Manda,
It seems clear enough that you have an issue with wild taking. An understanding of population dynamics and the concept of sustainable yield is required to see why it is not the 'bogie man' it is portrayed by many to be.
As early as 1798, an Englishman named Thomas Malthus wrote an essay on the nature of populations in which he espoused the basic principle that more offspring are produced than can possibly survive. Let's look at a simple example, the common Green Tree Frog. They can live up to 20 years or more, produce up to 2000 eggs in a spawn and are sexually mature at the age of one year. If a female begins reproducing at the age of two continues to the age of 10 years, when she dies. Let's also say she produced an average spawn of 1000 eggs per year. She produces 8 x 1000 = 8,000 fertilised eggs. If three quarters successfully hatch, the single female and her mate have produced 6,000 tadpoles (a very conservative estimate). How many of those 6,000 are required to mature and metamorphose into frogs to replace mum and dad and keep the population stable? TWO out of 6,000. This means that 5,998 MUST perish. In round figures, for every year for each one pair of GTFs, in order to maintain a stable population, 600 tadpoles/froglets/frogs must die. And we were very conservative in our estimates. In real life, the figure is higher.

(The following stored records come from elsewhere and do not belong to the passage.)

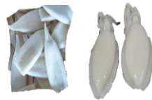
Cuttlefish whole. U1 Cuttlefish Torso. U-10&U-5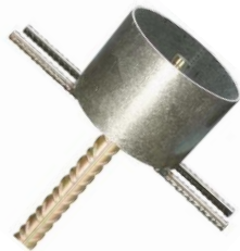
Convergence bolt with protection ring

Various bayonet fittings: ABS flange, ABS or stainless steel M8 male, ABS 5/8 " female.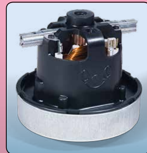
Numatic high efficiency longlife motor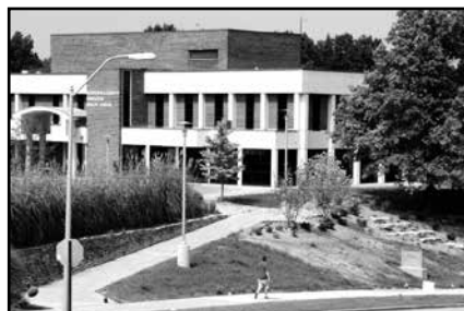
New landscaping makes walking up the Gilkison Avenue hill by Sindecuse a little less daunting.

• Improvements on either side of the south end of Gilkison Avenue were completed this summer. On the west side, new plantings and a retaining wall have spruced up the hillside by the Sindecuse Health Center. To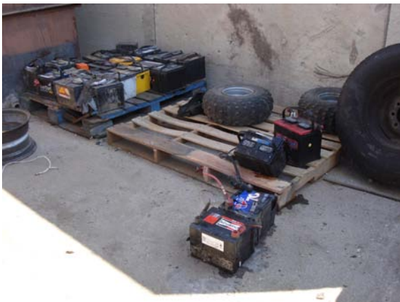
Figure 13 - Used batteries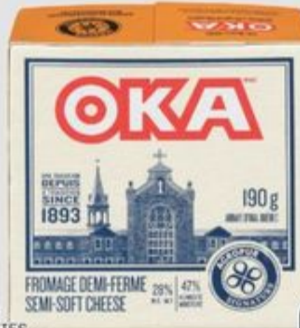
OKA SOFT CHEESE SELECTED VARIETIES 190 G FROMAGE À PÂTE MOLLE OKA 20920756_EA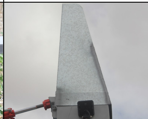
Hydraulic folding adjustable spout with 1200 lumen LED work light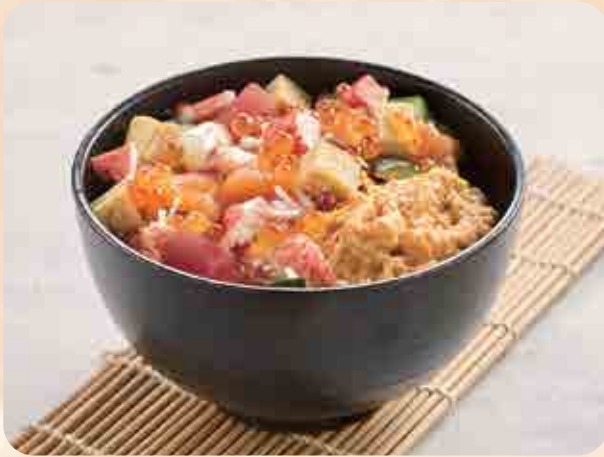
ロブスターサラダばらちらし丼 🌶️ Lobster Salad Bara Chirashi Don spicy lobster salad & cubed sashimi on sushi rice $15.90

You can do the same exercise species with low fecundity and you still get the majority of offspring having to die. For example a gecko living five years, producing only on clutch per year (most will have three) and breeding from years 2 to 5, will produce 8 offspring, of which 6 must die. So you can remove one gecko every year for every breeding pair in the population and not affect the population. With the more usual three clutches, you would get 24 offspring, of which 22 must die. So for each breeding pair in the population, 5 geckoes must die each year to maintain a stable population.
For any given population, there is a number of individuals that can be removed each and every year without affecting the size of the population. This is known as the sustainable yield. A good example is grey and red kangaroos. These animals are shot in their thousands every year across Australia to provide pet food and more recently, meat for human consumption. This practice has been going on for a century and yet there has been no sustained reduction in the populations of these animals. This is because the cull, huge as it is, is still within the sustainable yield. This is a biological reality!